Exercise objective:
Exactly the lines below starting at the line with "Я очень не люблю" and ending at the line with "The sheer, kiwi" are wanted, with both ends included. Leave out the pictures and add no other lines.

Excerpted records:
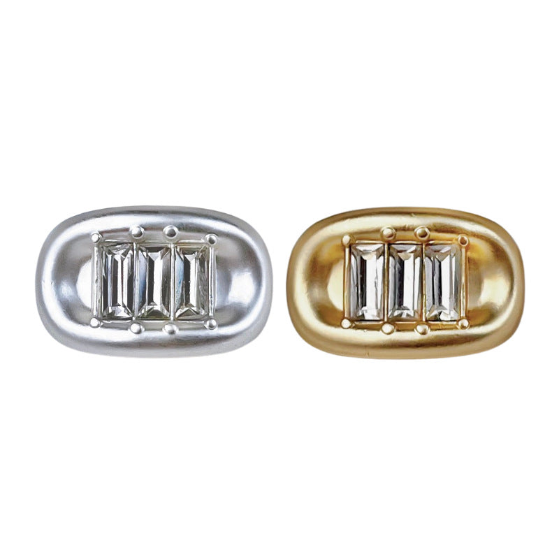 Přidejte do svých návrhů nádech luxusu a sofistikovanosti s naším 15/23mm knoflíkem s kovovým očkem, ve tvaru ingotu, v barvách světle zlaté a lesklé stříbrné s kamínky. Tento elegantní knoflík má jedinečný tvar ingotu, který kombinuje světle zlaté a lesklé stříbrné provedení pro výrazný kontrast. Ozdobený třpytivými kamínky dodává každému projektu okouzlující vzhled. Vyrobený z vysoce kvalitního kovu, je odolný a ideální pro vylepšení oděvů, doplňků nebo DIY projektů. Zadní část s očkem zajišťuje snadné a pevné připevnění, což ho činí vhodným jak pro začátečníky, tak pro zkušené tvůrce. Ať už navrhujete elegantní blůzu, stylovou tašku nebo jedinečný dekorativní prvek do domácnosti, tento knoflík je univerzálním a poutavým doplňkem vaší sbírky.
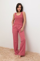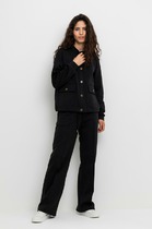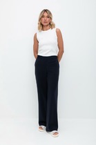 Широкие брюки из шерсти с завышенной линией талии. Застегивается спереди на молнию и пуговицу. Пояс со шлевками для ремня.
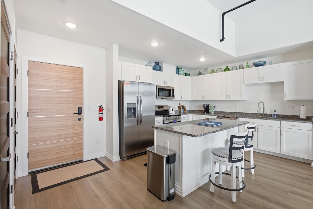 Welcome to our luxurious 2-bedroom Penthouse loft in the heart of downtown Wyandotte!! Some highlights include: -A HUGE, residents-only pool -A well-equipped gym -Enhance your golf skills on the rooftop putting green -Arcade with 14 Games -City views from the private balconies -Sunbathe or relax in rooftop cabanas -Spacious kitchen, ready to tackle any culinary challenge with finesse Immerse yourself in the convenience of being within walking distance from events and a diverse culinary scene.
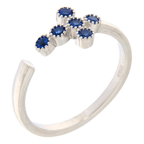 Anillo ajustable cruz zircones azules plata 925 Agios
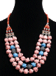 Collier ethnique artisanal trois rangs imitation pierres roses, noires, bleues, agrémentées de perles et d'armatures argentées - REF. 19014 (28.00 €)
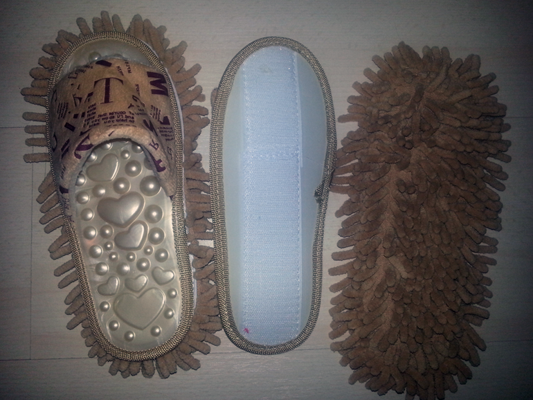 Я очень не люблю тапки... Фактически дома я надеваю тапки только когда мою полы, чтоб не ходить по мокрому... Но тут появляется следующая проблема - стоит пройти в тапках по вымытым полам - и остается мелкая, но заметная череда следов, особенно хорошо заметная на моем любимом светлом ламинате....
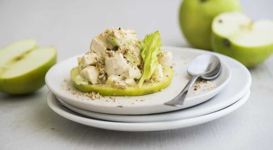 - Потереть большое кисло-сладкое яблоко, столько же сельдерея крупно на терке, смешать, полить соусом.
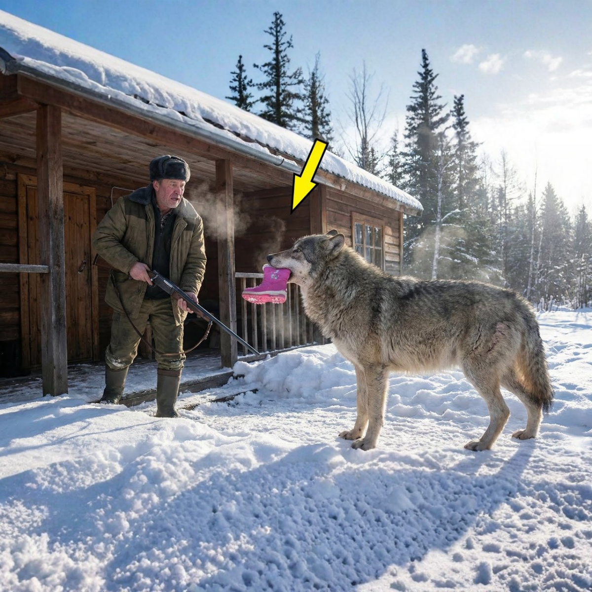 El cazador apretó con fuerza su arma, pero se quedó sin palabras cuando vio algo en la boca del lobo.
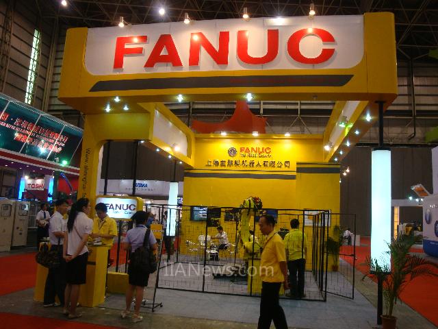 (上图:发那科机器人亮丽的黄色展台)
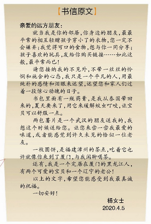 “這封信與那些禮物不同,如果說禮物是送給我們家的,那么這封信是寫給所有武漢人的。”張先生告訴記者,在那段黑暗的日子里,包括自己在內的許多武漢人經歷著煎熬,而遠在千里之外素未謀面的廈門賣家,以這樣的方式,鼓舞了他和他的家人。
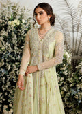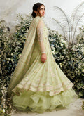 The sheer, kiwi green net kalidaar is layered over a shimmering strappy bustier, also heavily hand worked.
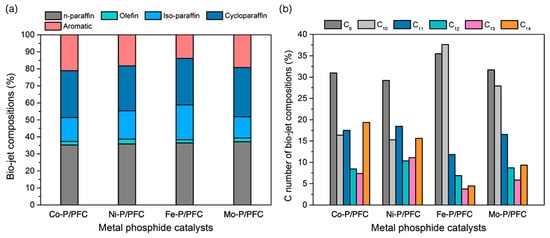 In addition, the product compositions of the obtained bio-jet fuel are shown in Figure 8 and separated into two criteria of bio-jet fuel composition based on hydrocarbon structures (Figure 8a) and C number of bio-jet fuel compositions (Figure 8b). Normal paraffin hydrocarbons (n-paraffins), which have a high-quality hydrocarbon structure in fuels, become the desired product in bio-jet fuel fractions [4,38]. The studied catalysts exhibited a high bio-jet in n-paraffins between 35.27 and 37.13%. The highest percentage of n-paraffins was obtained from Fe-P. In addition, a significant reduction of aromatics in the product was obtained from Fe-P (reduced from 21.12% to 13.87%). This refers to the high catalyst performance in the hydrocracking reaction, and it shows the effectiveness for producing high-quality biofuel since the aromatics may increase the cold flow property of biofuel [38,39]. However, the results revealed that the highly active catalyst (Fe-P) tended to promote the isomerization of the short-chain hydrocarbons, indicating a significant increase in iso-paraffin yield. This could be due to the hydrocracking reaction, high acidity, surface area, and catalyst dispersion.
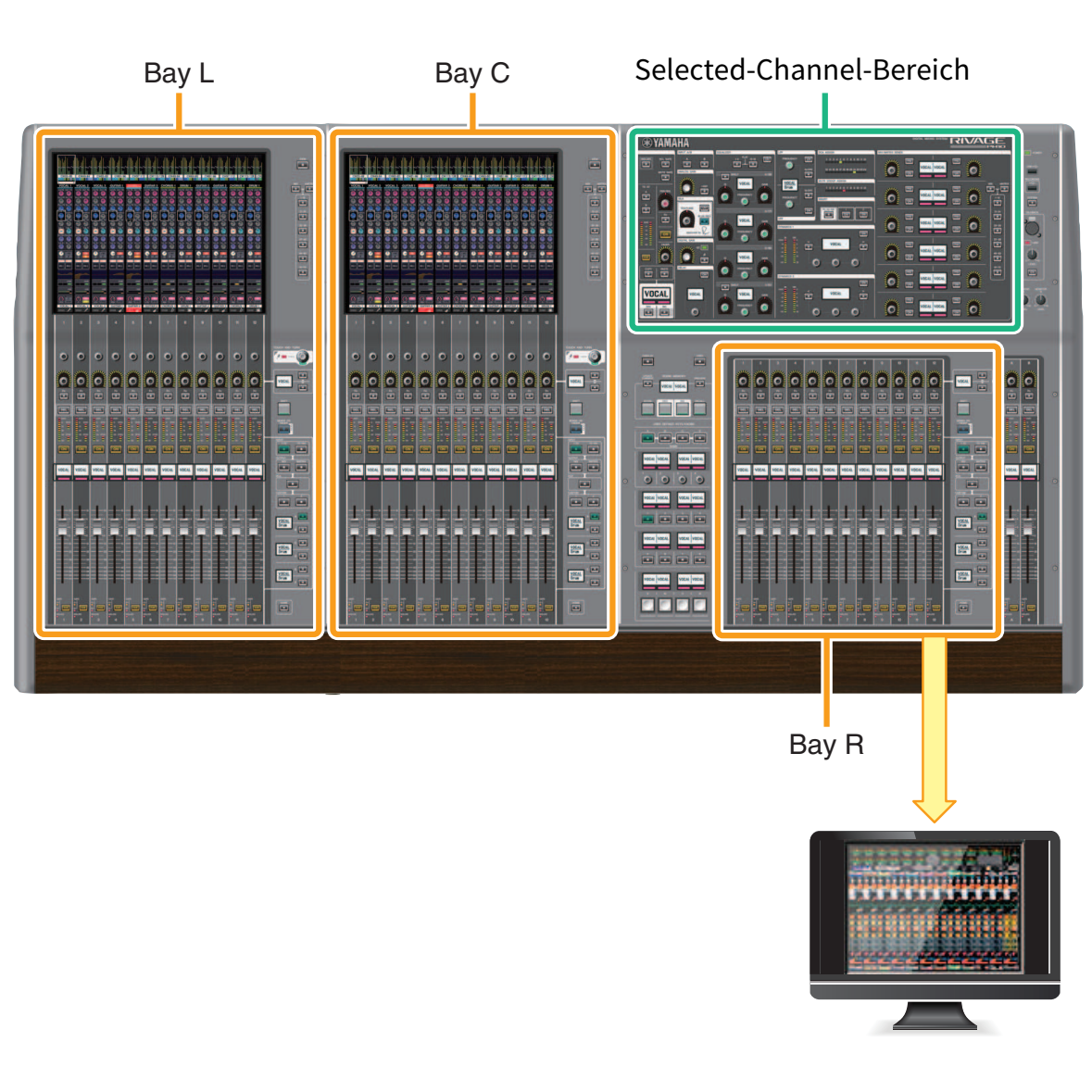 Eine „Bay“ besteht aus einer Gruppe von 12 Fadern im Touchscreen-Bereich und im Kanalzugbereich. Die Modelle CS-R10 und CSD-R7 besitzen drei Bays; das CS-R10-S besitzt zwei Bays. Sie können diese Bays unabhängig voneinander bedienen. Daher können Sie Mischvorgänge ausführen, z. B. Abruf von Einstellungen auf dem Touchscreen oder Umschalten zwischen Ebenen mit jeweils 12 Fader einer Bay, ohne die Einstellungen anderer Bays zu beeinflussen. Beachten Sie bitte, dass die Bay R (im Gegensatz zu Bay L und C) nicht über einen Touchscreen oder die darunter befindlichen Regler verfügt. Wenn Sie einen externen Monitor anschließen, können Sie diesen ausschließlich für Bay R verwenden. Der externe Monitor zeigt Display-Inhalte ähnlich wie Bay L und Bay C an, er zeigt jedoch Layer oder Kanäle an, die bei Bay R ausgewählt wurden.
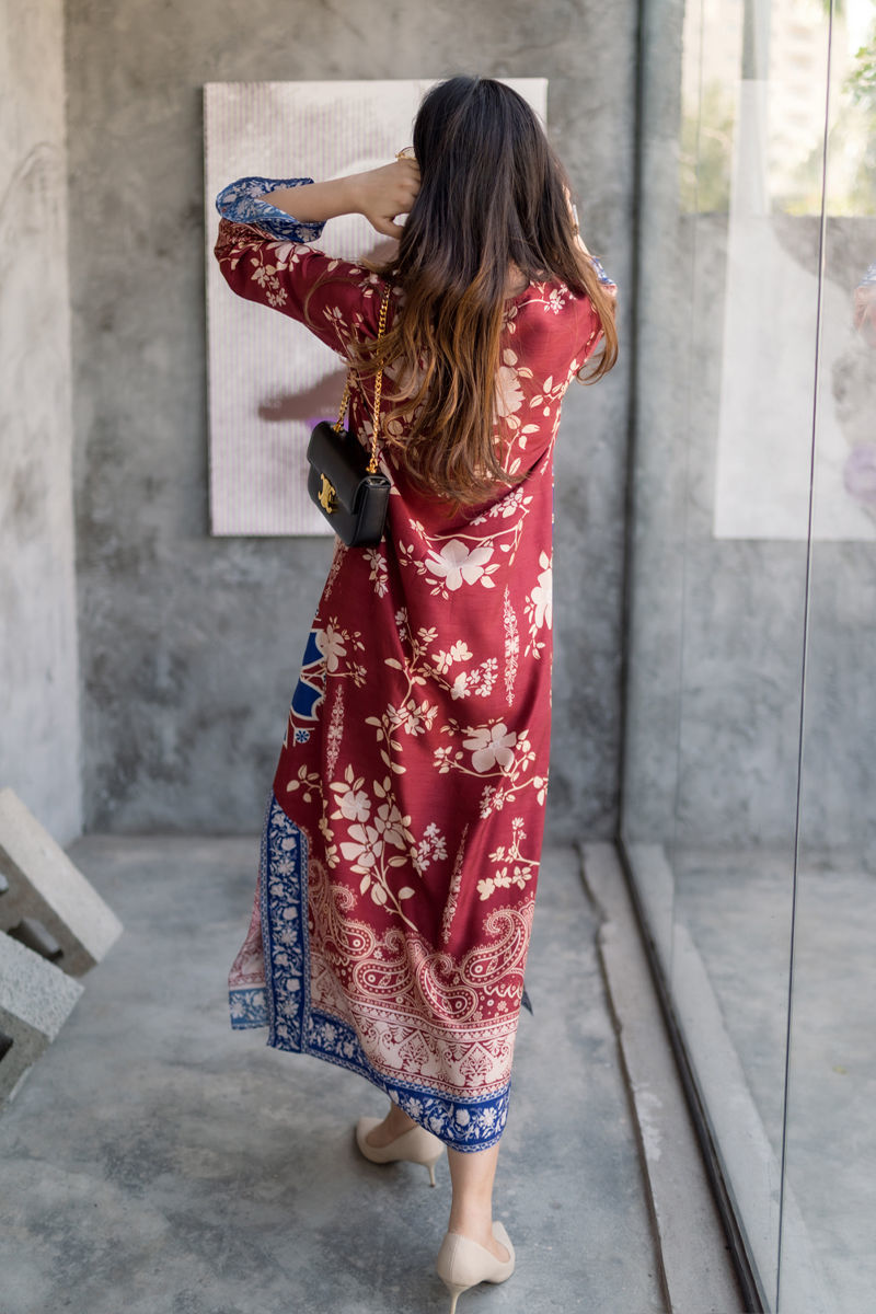 Serving major vibes. Deep maroon & blue digital print shirt in soft fabric with a sleek side slit. A stunner that’s equal parts comfy and cool.
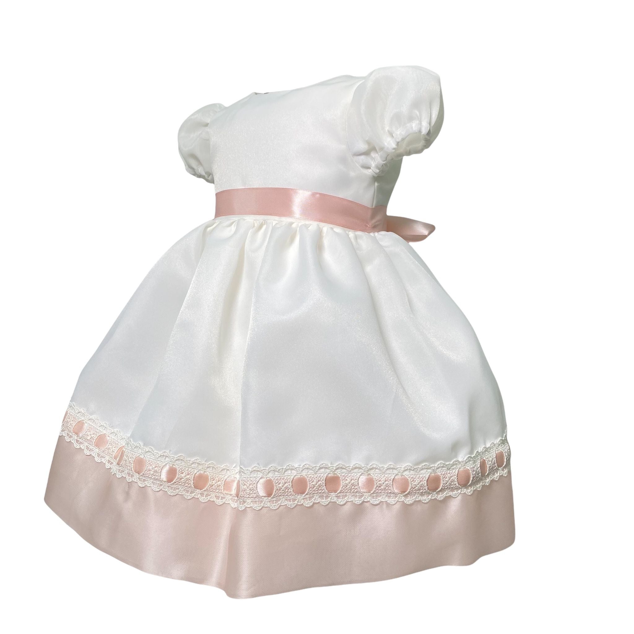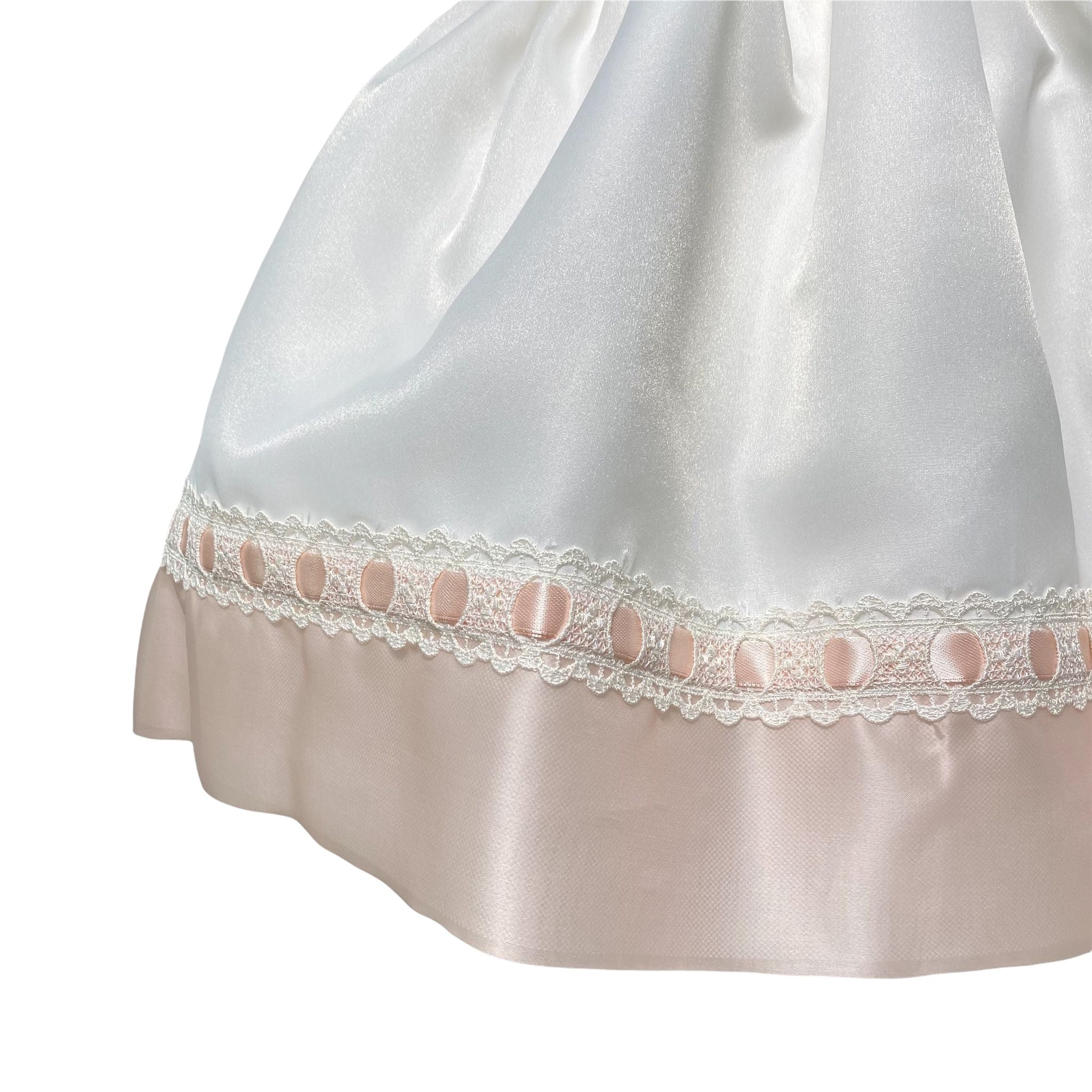 Abito Elegante In Organza Panna E Rosa Neonata ISABEL 3400

Answer to the exercise:
 Я очень не люблю тапки... Фактически дома я надеваю тапки только когда мою полы, чтоб не ходить по мокрому... Но тут появляется следующая проблема - стоит пройти в тапках по вымытым полам - и остается мелкая, но заметная череда следов, особенно хорошо заметная на моем любимом светлом ламинате....
 - Потереть большое кисло-сладкое яблоко, столько же сельдерея крупно на терке, смешать, полить соусом.
 El cazador apretó con fuerza su arma, pero se quedó sin palabras cuando vio algo en la boca del lobo.
 (上图:发那科机器人亮丽的黄色展台)
 “這封信與那些禮物不同,如果說禮物是送給我們家的,那么這封信是寫給所有武漢人的。”張先生告訴記者,在那段黑暗的日子里,包括自己在內的許多武漢人經歷著煎熬,而遠在千里之外素未謀面的廈門賣家,以這樣的方式,鼓舞了他和他的家人。
 The sheer, kiwi green net kalidaar is layered over a shimmering strappy bustier, also heavily hand worked.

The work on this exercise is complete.